Jacques-Désiré Périatambée

Personal information
- Date of birth: 15 October 1975 (age 50)
- Place of birth: Curepipe, Mauritius
- Height: 1.81 m (5 ft 11 in)
- Position: Midfielder

Senior career*
- Years: Team / Apps / (Gls)
- 1992–2000: Auxerre B / 84 / (3)
- 1997–1999: → Troyes (loan) / 25 / (0)
- 2000–2003: Grenoble / 104 / (3)
- 2003–2006: Le Mans / 60 / (2)
- 2006–2008: Chamois Niortais / 65 / (1)
- 2008–2010: Dijon / 30 / (0)
- 2010–2012: Bastia / 66 / (0)
- Total:  / 434 / (9)

International career
- 1999–2006: Mauritius / 19 / (2)

= Jacques-Désiré Périatambée =

Mauritian footballer (born 1975)

Jacques-Désiré Périatambée (born 15 October 1975) is a Mauritian former professional footballer who played as a midfielder. He represented Mauritius internationally with the Mauritius national team.

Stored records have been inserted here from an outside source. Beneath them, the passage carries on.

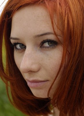Описание: Позируя перед фотокамерой на природе, рыжеволосая и полностью обнаженная милашка с красивыми глазами не стеснялась пробовать самые разные позы, порой довольно откровенные. Таким образом, стройная девушка продемонстрировала упругие сиськи и гладко выбритую письку, а присаживаясь на корточки акцентировала внимание на сочной попке.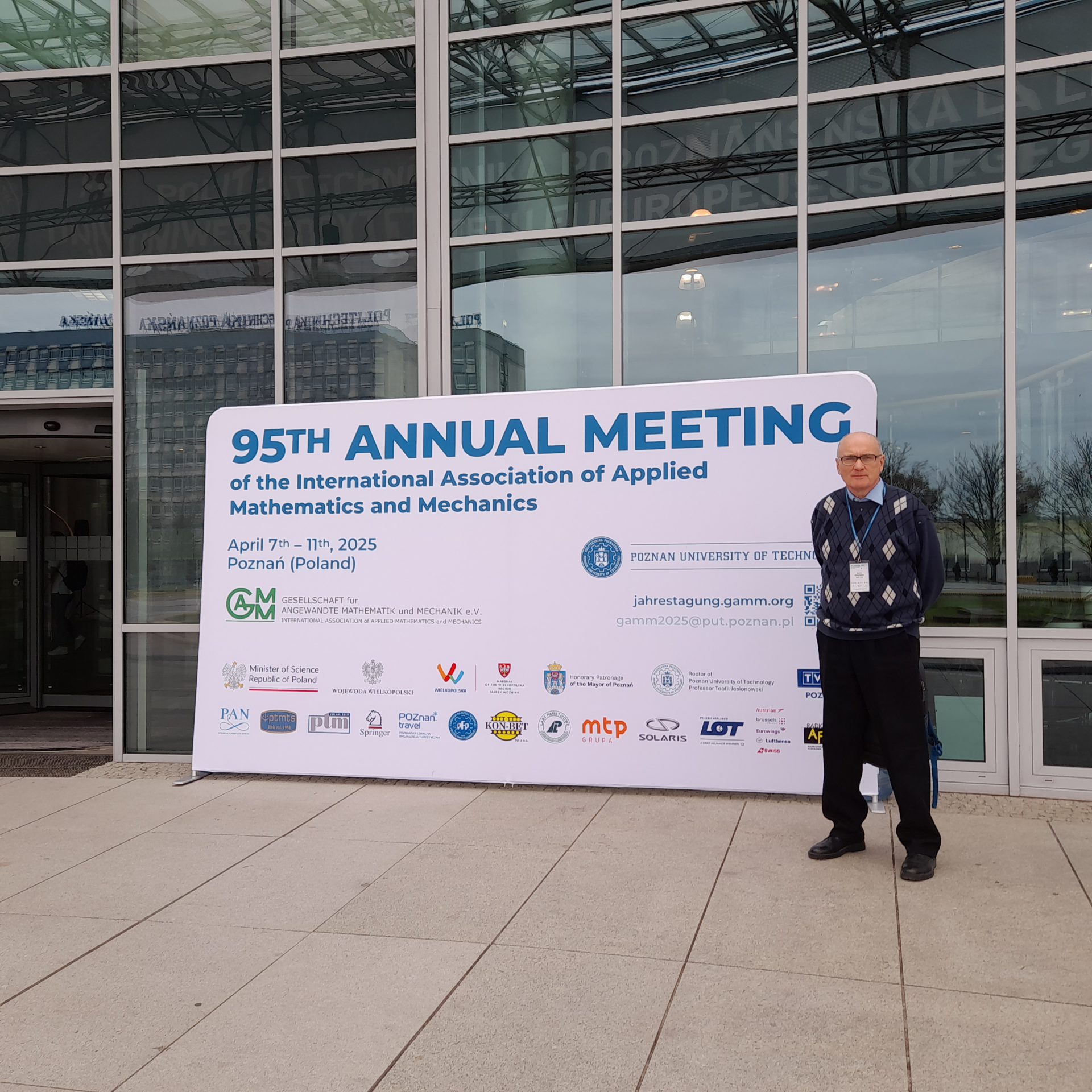Professors and postgraduate students of the department (Prof. D. Breslavsky, Assoc. Prof. O. Tatarinova, M. Borodin, P. Palamarchuk) based on the results of research under the NATO program “Science for Peace and Security” presented a scientific report at the 95th Annual Meeting of the International Association of Applied Mathematics and Mechanics, which was held in Poznan (Poland) on April 7-11, 2025. Prof. D. Breslavsky delivered a report at the conference, which presented the results on the evaluation of strength, vibrations, and impact loading of aircraft structural panels made of metamaterials. Such results were obtained by the scientific team in creative collaboration with Professors H. Altenbach and F. Pellicano from the Universities of Magdeburg (Germany) and Modena (Italy).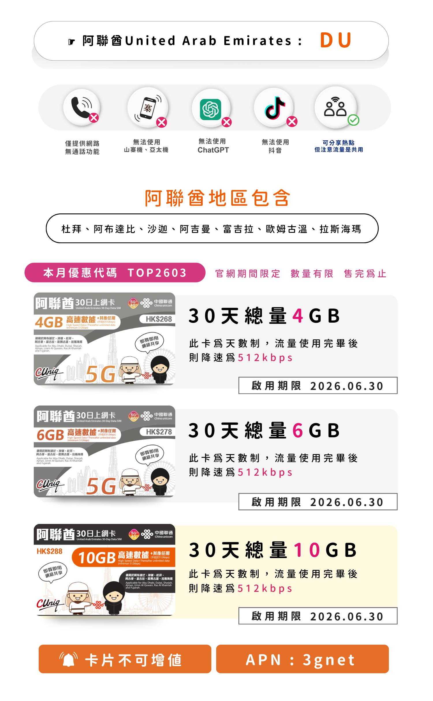 聯通阿聯酋上網卡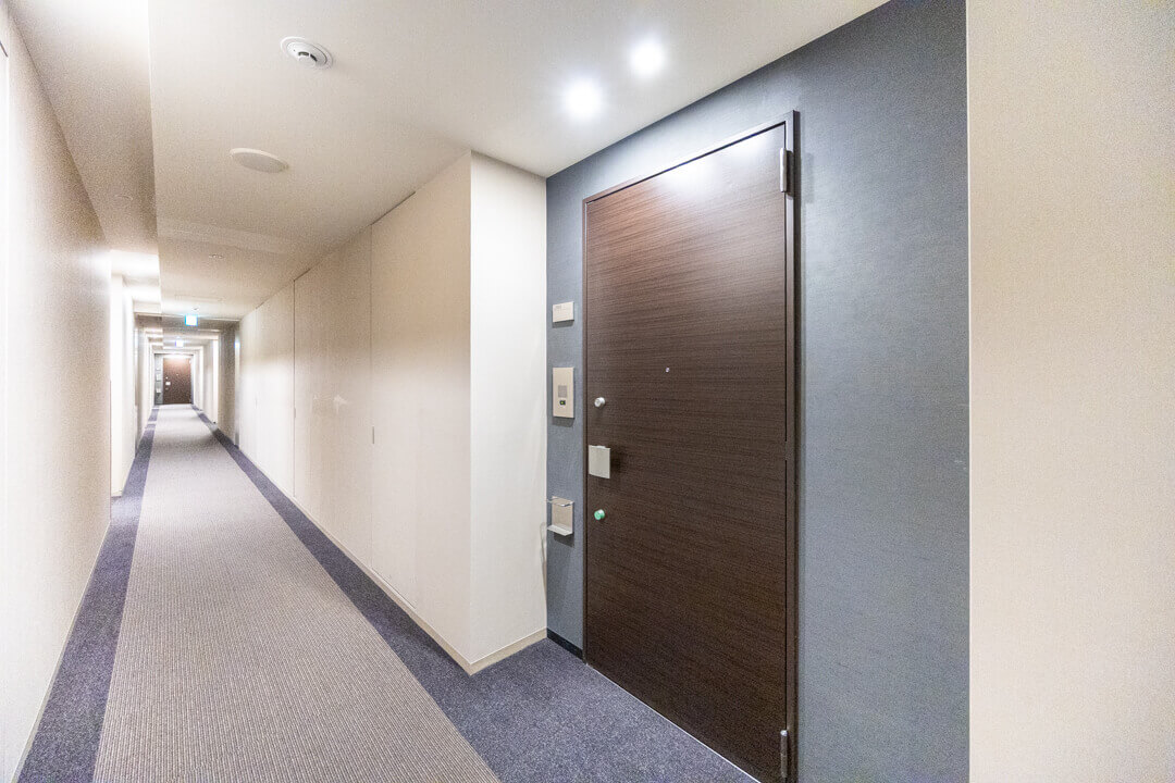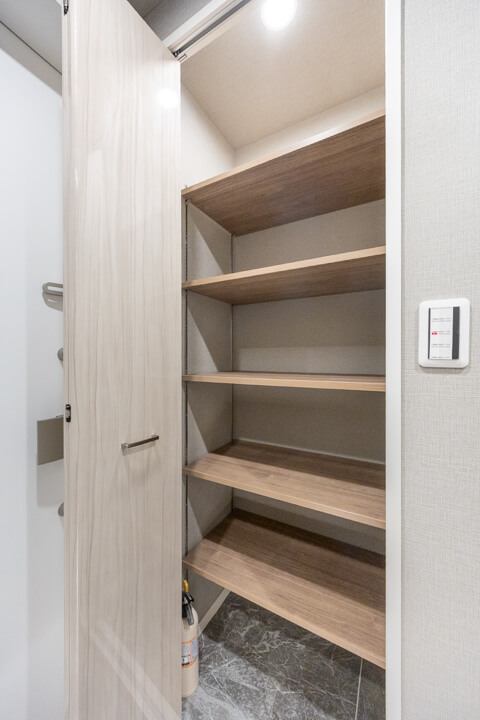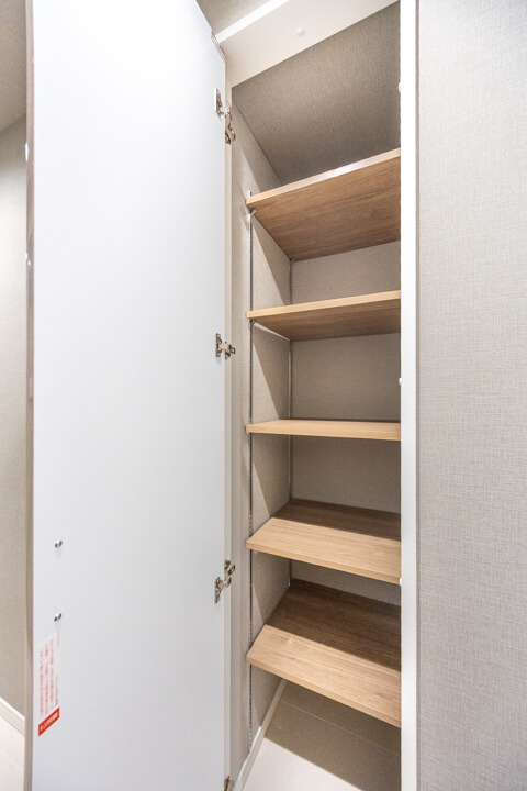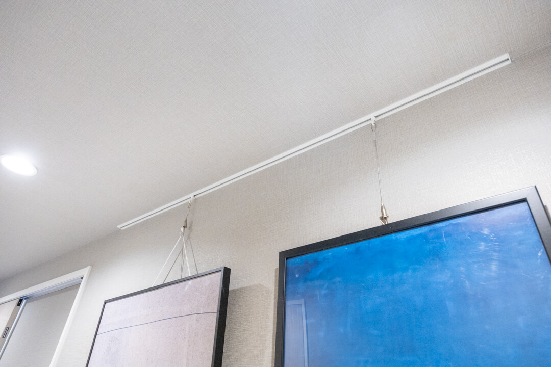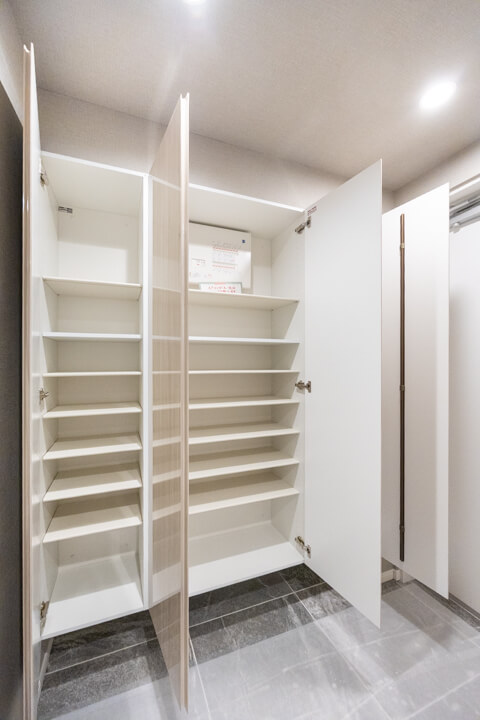 玄関には4枚扉のシューズボックス完備で靴がたっぷりと収納可能。扉の一面が姿見になっていてお出かけ前の身だしなみチェックもできます。また、シューズボックスの他にも玄関と廊下にひとつずつ物入が設けられていて、生活用品の収納に便利です。廊下にはピクチャーレールが設置されており、壁にキズをつけずにアートや写真が飾れます。
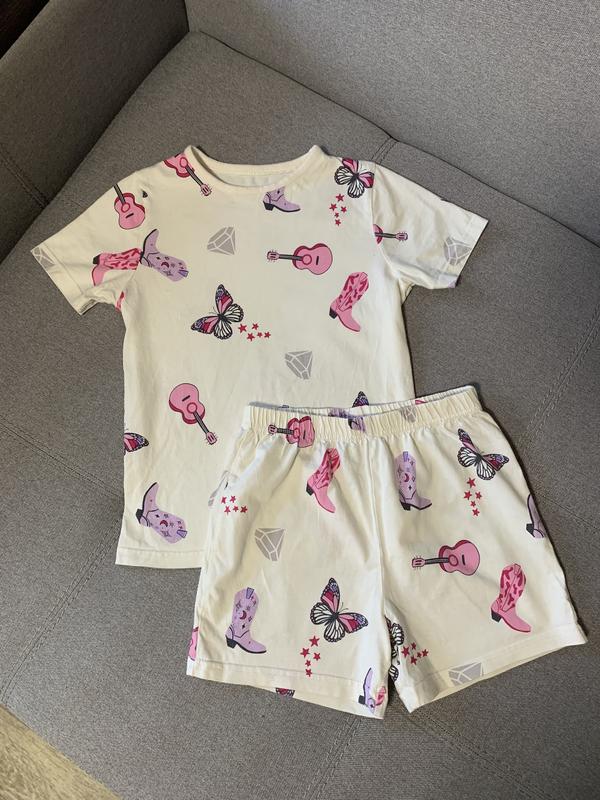 Піжама/комплект для дівчинки ▪️Склад: 100 % Котон ▪️Бренд: George (Великобританія) ◾️вік 8-9 років ▪️р.128-135см ▪️приємні до тіла та мають гарну якість Футболка: довжина 48см ног 37см Шорти: довжина 29см талія 25см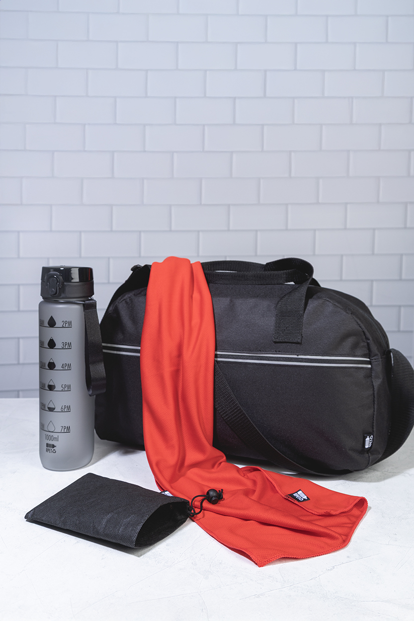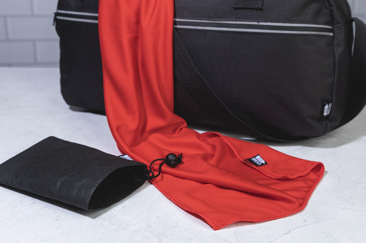 Sportovní ručník z mikrovlákna RPET v přepravním pouzdře z netkané tkaniny RPET s charakteristickou etiketou RPET. Polyester RPET, 140 g/m².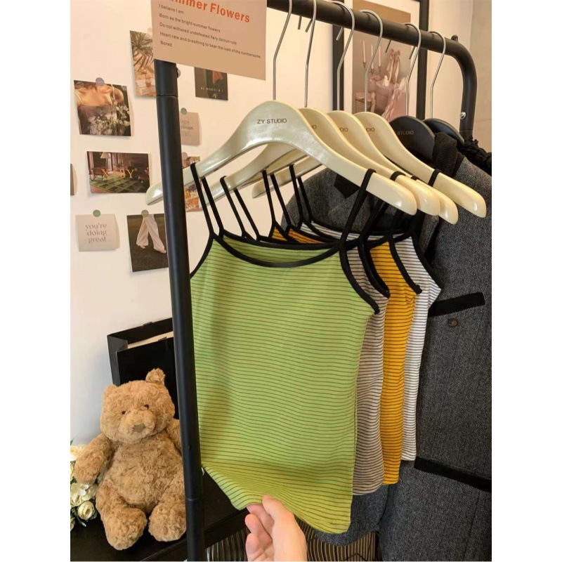 港风复古辣妹撞色条纹吊带背心女夏秋季新款设计感修身露背上衣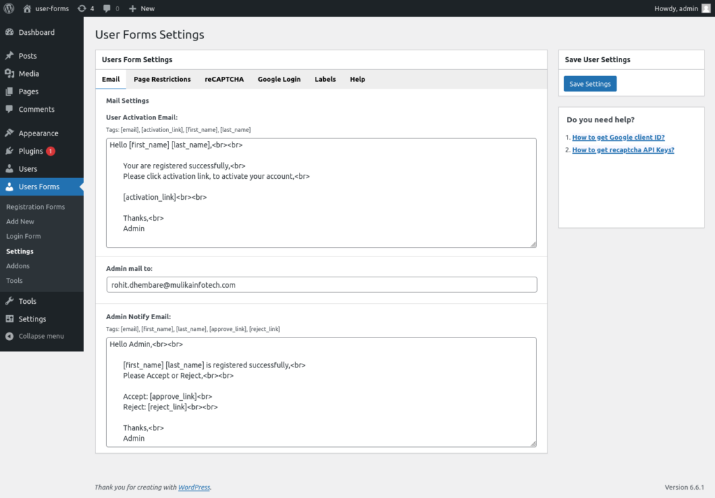 Configure MIPL WP Users Forms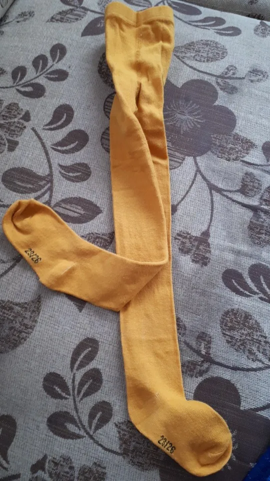 Кологотки хорошие, цена на распродаже была 1$, за такую цену отлично. Дочка ростом 81 см носит такие же в размере S, а эти взяла на вырост. Думаю, что подойдут деткам на рост 92-98 см где-то.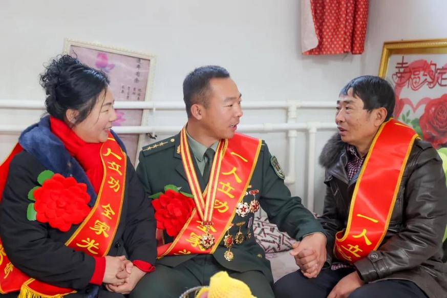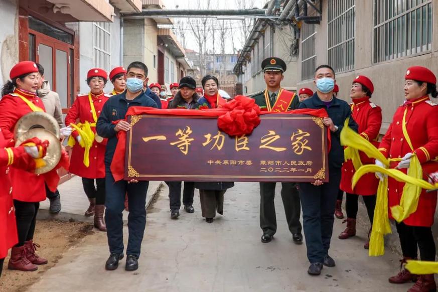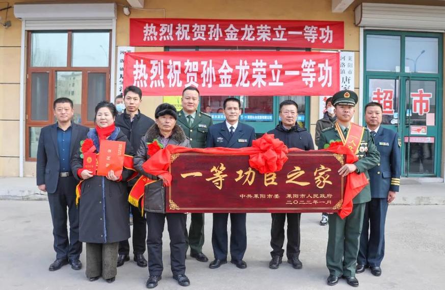 送荣誉到家乡:军歌嘹亮擂战鼓,鲜花簇拥赞功臣。1月24日,山东省烟台市河洛镇唐家湾村迎来一件喜事——第71集团军某旅携手当地党政机关和国防动员系统,将“济南英雄连”连长孙金龙的一等功立功喜报送到家中,并为其家庭颁发“一等功臣之家”牌匾。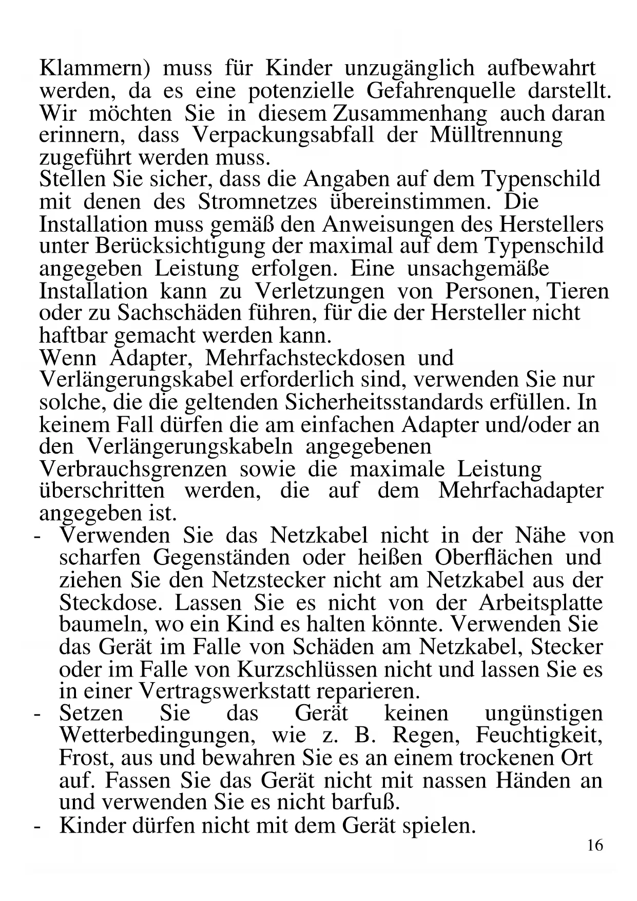 DEUTSCH: HINWEISE: Verwenden Sie das Gerät nur nach den Anweisungen in dieser Bedienungsanleitung. Jede anderweitige Verwendung gilt als unsachgemäß und gefährlich, und der Hersteller kann für Schäden nicht haftbar gemacht werden, die durch eine unsachgemäße, falsche oder unvernünftige Verwendung verursacht werden. Stellen Sie vor der Verwendung sicher, dass das Gerät unversehrt ist. Im Zweifelsfall verwenden Sie es nicht und wenden Sie sich an den Kundendienst. Verpackungsmaterial (Plastiktüten, Styropor, Nägel,16 Klammern) muss für Kinder unzugänglich aufbewahrt werden, da es eine potenzielle Gefahrenquelle darstellt. Wir möchten Sie in diesem Zusammenhang auch daran erinnern, dass Verpackungsabfall der Mülltrennung zugeführt werden muss. Stellen Sie sicher, dass die Angaben auf dem Typenschild mit denen des Stromnetzes übereinstimmen. Die Installation muss gemäß den Anweisungen des Herstellers unter Berücksichtigung der maximal auf dem Typenschild angegeben Leistung erfolgen. Eine unsachgemäße Installation kann zu Verletzungen von Personen, Tieren oder zu Sachschäden führen, für die der Hersteller nicht haftbar gemacht werden kann. Wenn Adapter, Mehrfachsteckdosen und Verlängerungskabel erforderlich sind, verwenden Sie nur solche, die die geltenden Sicherheitsstandards erfüllen. In keinem Fall dürfen die am einfachen Adapter und/oder an den Verlängerungskabeln angegebenen Verbrauchsgrenzen sowie die maximale Leistung überschritten werden, die auf dem Mehrfachadapter angegeben ist. - Verwenden Sie das Netzkabel nicht in der Nähe von scharfen Gegenständen oder heißen Oberflächen und ziehen Sie den Netzstecker nicht am Netzkabel aus der Steckdose. Lassen Sie es nicht von der Arbeitsplatte baumeln, wo ein Kind es halten könnte. Verwenden Sie das Gerät im Falle von Schäden am Netzkabel, Stecker oder im Falle von Kurzschlüssen nicht und lassen Sie es in einer Vertragswerkstatt reparieren. - Setzen Sie das Gerät keinen ungünstigen Wetterbedingungen, wie z. B. Regen, Feuchtigkeit, Frost, aus und bewahren Sie es an einem trockenen Ort auf. Fassen Sie das Gerät nicht mit nassen Händen an und verwenden Sie es nicht barfuß. - Kinder dürfen nicht mit dem Gerät spielen.17 - Dieses Gerät kann von Kindern ab 8 Jahren und von Personen mit eingeschränkten körperlichen, sensorischen oder geistigen Fähigkeiten oder mangelnder Erfahrung und Kenntnissen verwendet werden, wenn sie beaufsichtigt oder instruiert wurden, um das Gerät sicher zu verwenden und die damit verbundenen Gefahren zu verstehen. Kinder dürfen nicht mit dem Gerät spielen. Reinigung und Benutzerwartung dürfen nicht von Kindern ohne Aufsicht durchgeführt werden. - Bewahren Sie das Gerät und sein Netzanschluss außerhalb der Reichweite von Kinder unter 8 Jahren. - Nicht für den gewerblichen Gebrauch bestimmt. Nur für den Hausgebrauch bestimmt. Im Falle eines Defekts und/oder von Fehlfunktionen das Gerät nicht öffnen. Für Reparaturen wenden Sie sich an eine vom Hersteller autorisierte Werkstatt (Vertragswerkstatt) und fordern Sie den Einsatz von Original-Ersatzteilen. Die Nichtbeachtung der obigen Vorschriften kann die Sicherheit beeinträchtigen und zur Folge haben, dass die Garantie erlischt. Dieses Gerät ist nur für den Hausgebrauch oder gleichwertiges bestimmt, in Situationen wie bspw.: Kantinen in kleinen Firmen oder ähnliche Arbeitsumgebungen, von Kunden in Hotels, Motels oder andere Art von touristische Unterkunft, wie ländlicher oder Wohn –Tourismus. Das Gerät darf nicht mit einer Zeitschaltuhr oder mit einem separaten Fernwirksystem betrieben werden Führen Sie vor jedem Gebrauch das Netzkabel aus. Setzen Sie das Produkt keinen Stößen aus, es könnte beschädigt werden. Verwenden Sie nur originale und kompatible Teile und Zubehör. Halten Sie das Gerät fern von brennbaren Materialien, Wärmequellen, Dampf-und kalte Zonen.18 ALLGEMEINE HINWEISE WARNUNG: Verwenden Sie den Haartrockner nicht in der Badewanne, unter der Dusche und in der Duschkabine. Falls der Haartrockner ins Wasser fällt, nicht anfassen und ziehen Sie sofort der Netzstecker. Verhindern Sie Wasserspritzen. Verwenden Sie den Haartrockner nicht in der Nähe von Waschbecken oder sonstige Behälter mit Wasser und verstauen Sie den Trockner in ein stabiles und trockenes Regal, so dass es nicht auf den Boden oder in Behälter mit Flüssigkeit fällt. Stellen Sie den Trockner nur auf hitzebeständigen Oberflächen und weg von Kleidung, Papier oder brennbaren Flüssigkeiten. Die Lüftungsöffnungen nicht verhindern, da diese die Motoreinheit beschädigen können. Achten Sie darauf, lassen Sie Ihre Haare nicht zu nahe an diesen Öffnungen, weil der Trockner sie saugen und verbrennen kann. Lassen Sie das Gerät nie unbewacht, während es läuft. Im Falle von Überhitzung, durch übermäßigen Gebrauch oder durch zufällige Blockierung der Entlüftungsöffnungen, sperrt der Sicherheitsthermostat den Motoranlauf. Warten Sie bis die vollständige Abkühlung des Motors bis Sie es neu in Betrieb setzen können Wenn der Trockner in Betrieb ist, wird die Lüftungsöffnung sehr warm. Berühren Sie sie nicht, da diese schwere Verbrennungen verursachen kann. Benutzen Sie das Gerät nie als Heizer. Das Netzkabel nicht einwickeln, wenn das Gerät in Betrieb ist. Nach jedem Gebrauch, lassen Sie das Gerät abkühlen, bevor Sie es wegräumen. Wenn das Gerät im Badezimmern genutzt wird, ist nach dem Gebrauch der Netzstecker zuziehen, weil die Nähe19 von Wasser eine Gefahr darstellt, auch wenn das Gerät ausgeschaltet ist. Um einen besseren Schutz zu gewährleisten wird die Installation einer Fehlerstromschutzeinrichtung mit einem nominalen Auslösestrom von maximal 30 mA, im Badezimmer Stromkries empfohlen. Fragen Sie Ihren Installateur. G30051

His previous clubs include Auxerre, Troyes, Grenoble, Le Mans, Chamois Niortais, Dijon, Bastia all in the French football league system.

With Bastia Periatambee won the French third-tier in the 2010–11 season and the Ligue 2 in the 2011–12 season.

He retired in 2012, at the age of 37.